*Exercise description:* Leaving out the pictures, return word for word the stretch of entries below from the line holding "Hörntvåa med stor" through the line holding "9月19日,前门大街,京味儿画家杨信向游客介绍前门附近的北京老字号历史。".

───── Listed records ─────

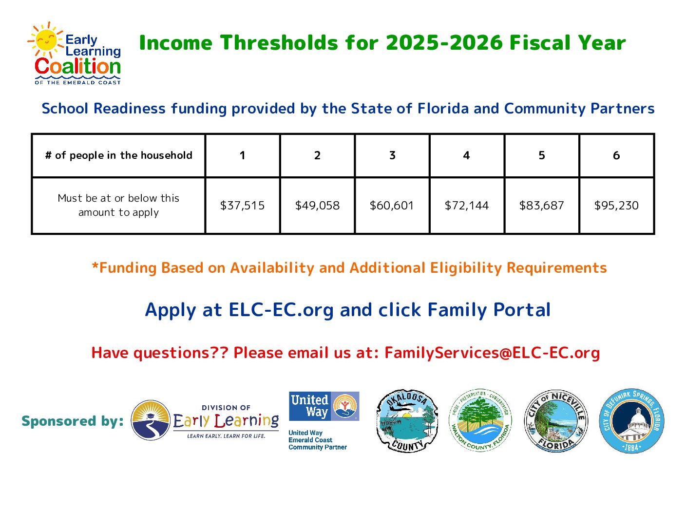 Funding from the Early Learning Coalition of the Emerald Coast, offers financial assistance to eligible families so that they can obtain affordable, quality childcare for children ages birth through 12 years. Eligibility requirements are based on total family income with adults within the family employed or engaged in eligible work or education activity for at least 20 hours per week. To begin receiving School Readiness funding assistance, combined earnings, including all sources of income, may be at or below 55% of the State Median Income (SMI). Families may also be referred for childcare funding assistance by appropriate community agencies.
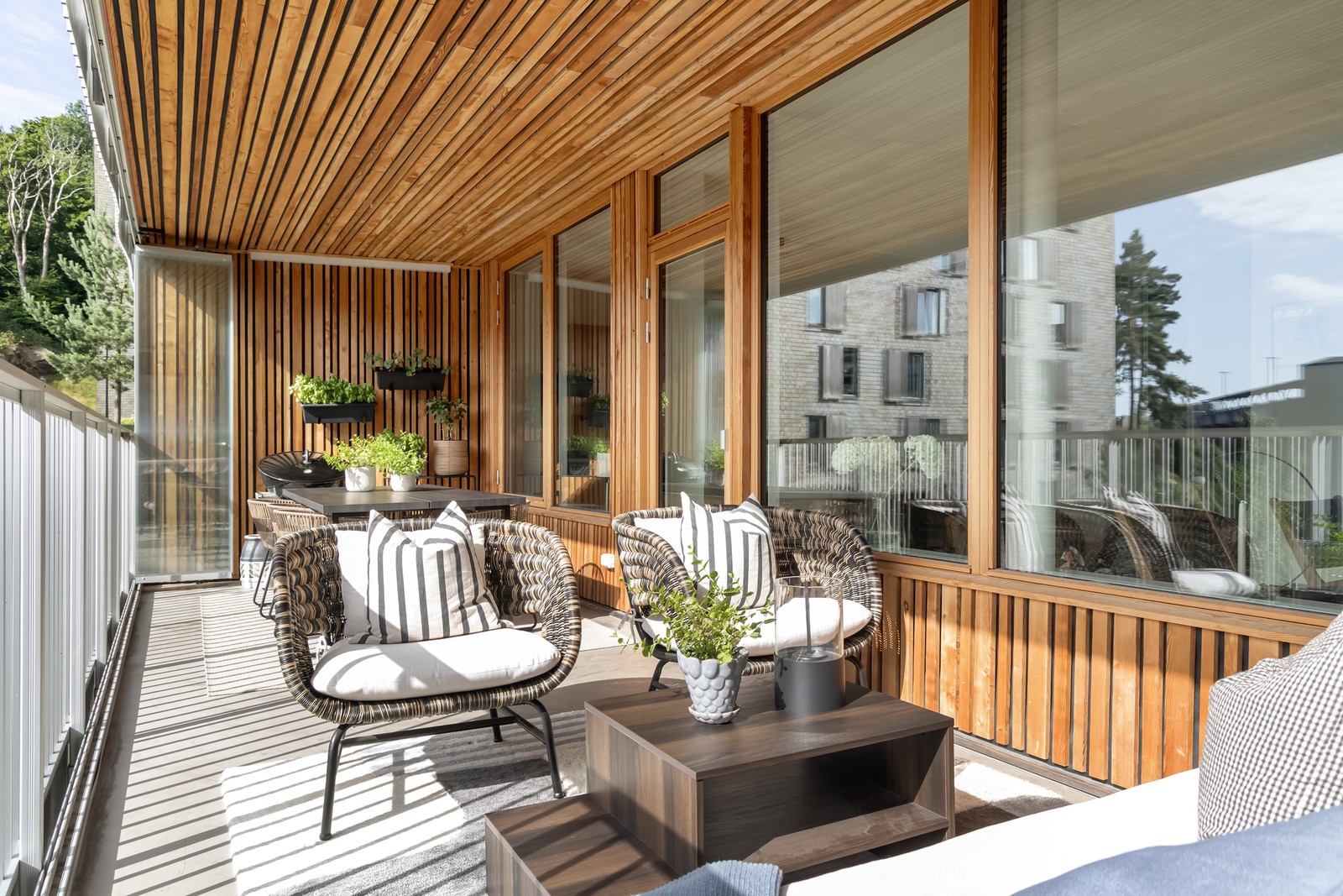 Hörntvåa med stor inglasad terrass i Krokslätt
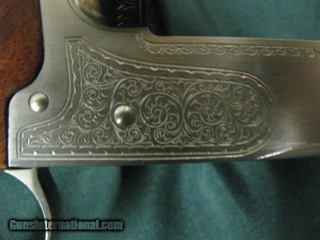Description: 6871 Winchester 23 Pigeon XTR 12 gauge 28 inch barrels, mod/full, round knob, ejectors, single select trigger,Winchester butt plate, all original, vent rib, A+ Walnut, correct Winchester case/Pamphlet,98++ condition, As new in Case.coin silver rose and scroll engraved receiver. SOLD |
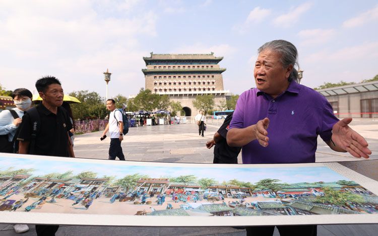 9月19日,前门大街,京味儿画家杨信向游客介绍前门附近的北京老字号历史。
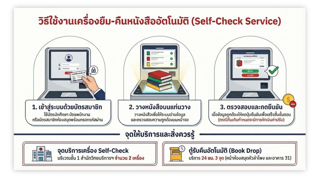 เครื่องยืม-คืนด้วยตนเอง หรือ Self-Check โดยแบ่งเป็นการยืมและการคืนด้วยตนเองตามเมนูของระบบผู้ใช้บริการต้องใช้บัตรสมาชิก ได้แก่ บัตรนักศึกษา/บัตรพนักงาน/บัตรสมาชิกห้องสมุดทุกครั้งในการใช้บริการ
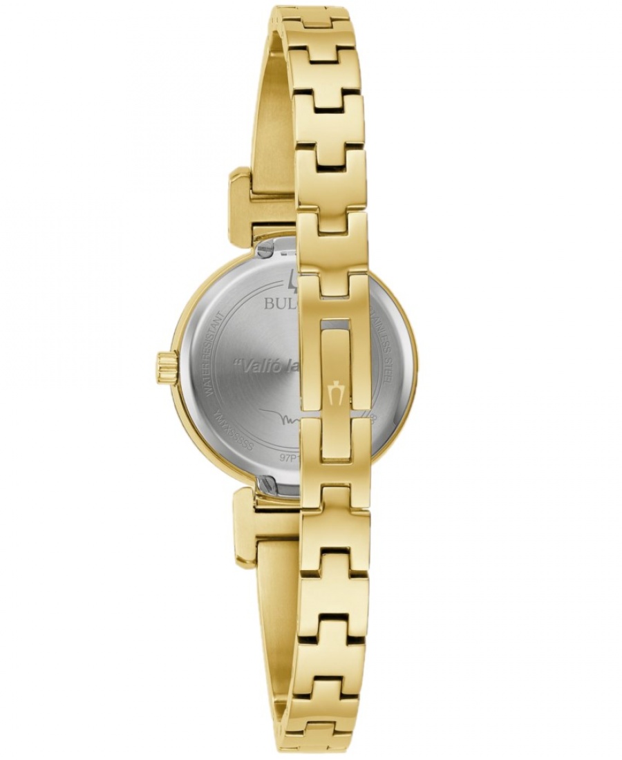 El nuevo reloj para mujer Bulova Marc Anthony Modern Bangle destaca el diseño atemporal de Bulova con un toque del estilo de Anthony. La caja de acero inoxidable en tono dorado reluciente presenta líneas contemporáneas audaces y tiene un cristal mineral metalizado que se extiende hasta el borde para una silueta perfecta. Una esfera de champán radiante está acentuada por tres marcadores de hora de diamantes a la 1, 3 y 5 en punto, números elegidos por Anthony por su significado personal.
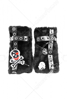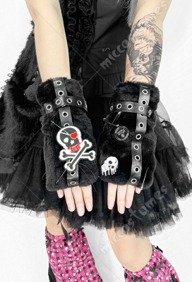 Punk Harajuku Dark Style Fluffy Fingerless Short Glove Skull Decoration Hollow Women Fashion Arm Wrist Length Warmers Glove Hand Sleeve
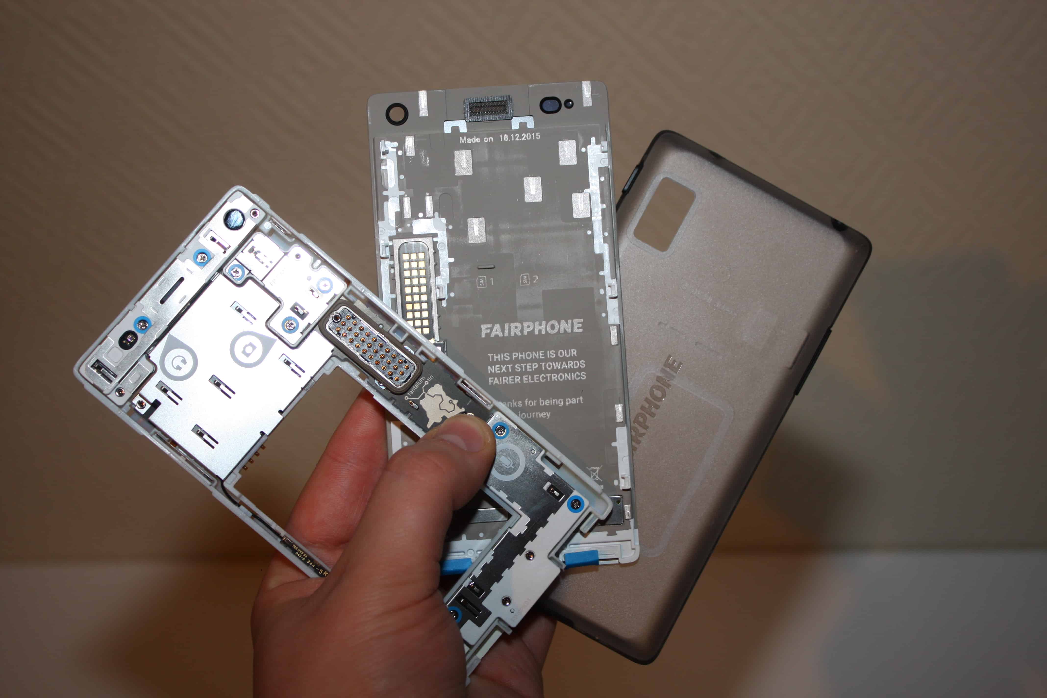 Saimme SuomiMobiilin testiin uuden Fairphone 2 -puhelimen. Fairphone 2 on valmistettu kestävän kehityksen periaatteen pohjalta, joten puhelin on suunniteltu palvelemaan käyttäjäänsä useiden vuosien ajan. Se on maailman ensimmäinen modulaarinen älypuhelin, sillä käyttäjä voi itse vaihtaa rikkoutuneet osat ilman erityistä teknistä osaamista. Esimerkiksi rikkoutuneen näytön voi vaihtaa itse uuteen muutamassa kymmenessä sekunnissa. Myös kamerayksikkö, akku sekä mikrofoni-latausliitin-moduuli ovat vaihdettavissa.

─────

*Response to this task:*
 Hörntvåa med stor inglasad terrass i Krokslätt
Description: 6871 Winchester 23 Pigeon XTR 12 gauge 28 inch barrels, mod/full, round knob, ejectors, single select trigger,Winchester butt plate, all original, vent rib, A+ Walnut, correct Winchester case/Pamphlet,98++ condition, As new in Case.coin silver rose and scroll engraved receiver. SOLD |
 9月19日,前门大街,京味儿画家杨信向游客介绍前门附近的北京老字号历史。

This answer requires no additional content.